Friday, April 13, 2012

Expert claims tablets and smart phones will phase out NBN

  • Expert says NBN Co is just a waste of money 
  • Survey reveals 71 percent of Australians use laptop, tablet or smartphone 
  • Chief Technology Officer fights back against NBN phase out claims 
Quantum Market Research analyst David Chalke, a prominent social analyst, has argued that the rise of mobile internet through tablets and smart phones threatens to make the $36bn National Broadband Network (NBN) project a huge waste of taxpayers’ money.

The Herald Sun has reported that Chalke said NBN Co was “missing the boat”.
Chalke has based his claims from the results of the Australia SCAN social trend survey, showing 71 per cent of the 2000 Australian respondents owned a laptop, smartphone or tablet.

"Everything is going to be wireless by the time they’ve dug up the roads and stuffed the pipes,” he said.

“It will be too late, it’s all going to be mobile and wireless in the future,” he told Herald Sun.
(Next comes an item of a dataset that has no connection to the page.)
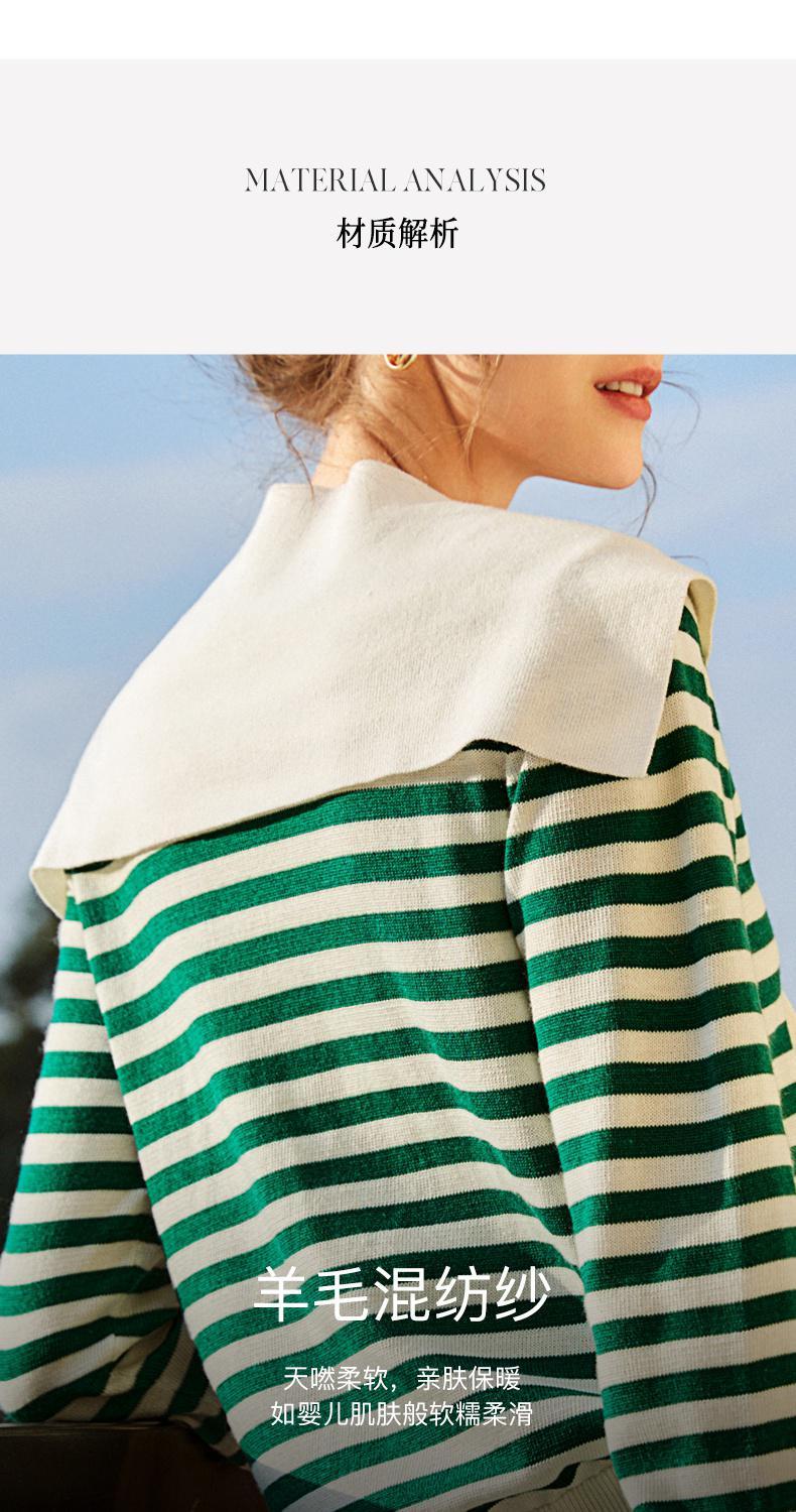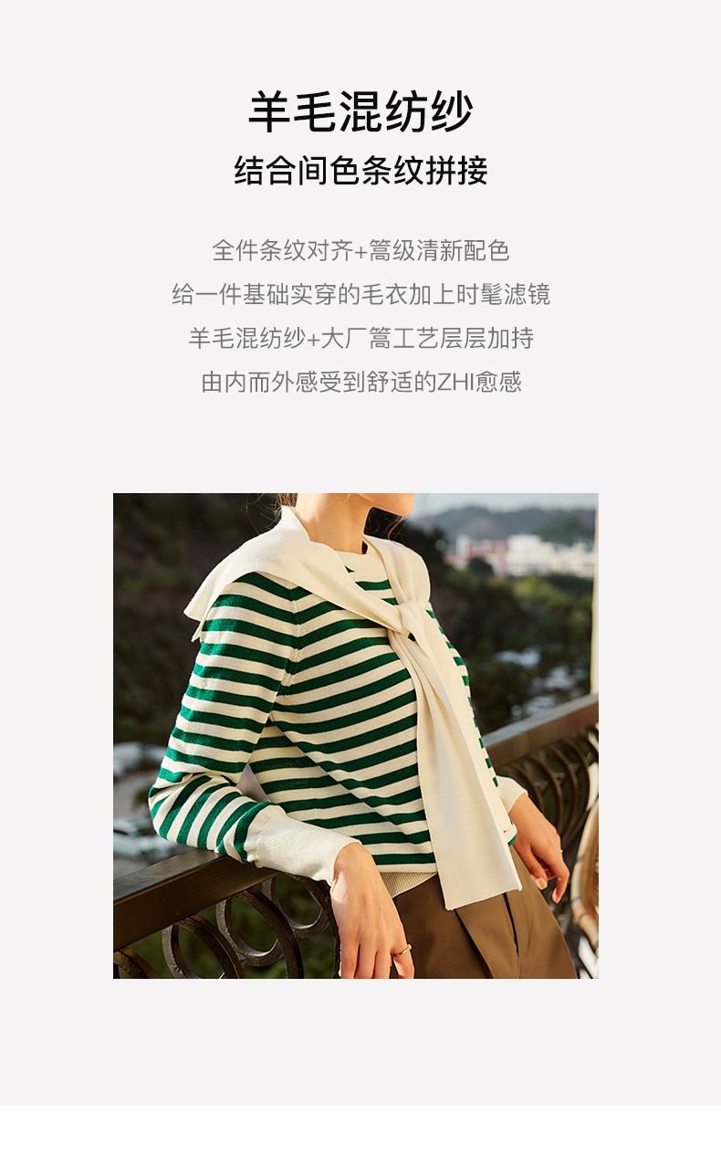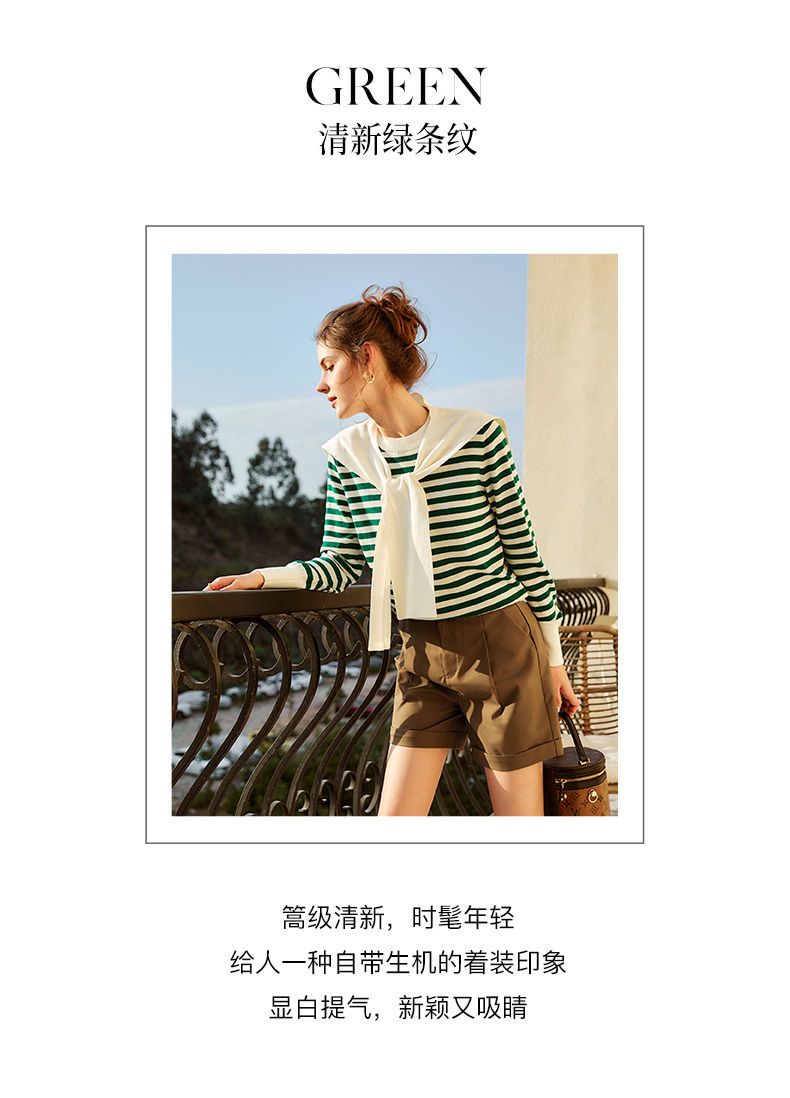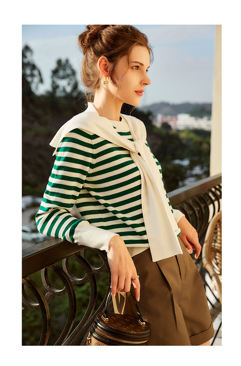 欧芮儿绿色条纹毛衣女2021秋冬新款圆领修身减龄披肩外搭两件套

Chief Technology Officer refutes NBN phase out claims NBN Co chief technology officer Gary McLaren has countered Chalke’s claims, saying that Australians prefer fixed lines for downloads and video streaming.

McLaren has cited the latest survey from the Australian Bureau of Statistics (ABS) which reveals that 93 percent of Australians use fixed-line connections to download content.

“The proportion of mobile handset downloads over mobile networks is estimated to make up just 1.4 percent of total internet downloads in Australia,” he said.

“Other wireless broadband technologies account for just 6.6 percent.”

“Fixed lines remain the engine-room of downloads in this country and around the world. As data-heavy applications such as video become more prevalent there will be an increasing need for robust fixed connections such as the NBN.”

McLaren has argued that enhanced fixed lines such as the NBN are here to ease the limitations of mobile internet.

“The eternal problems associated with spectrum scarcity – such as mobile congestion and a hefty price premium placed on using such a limited resource – are not going to go away,” he added.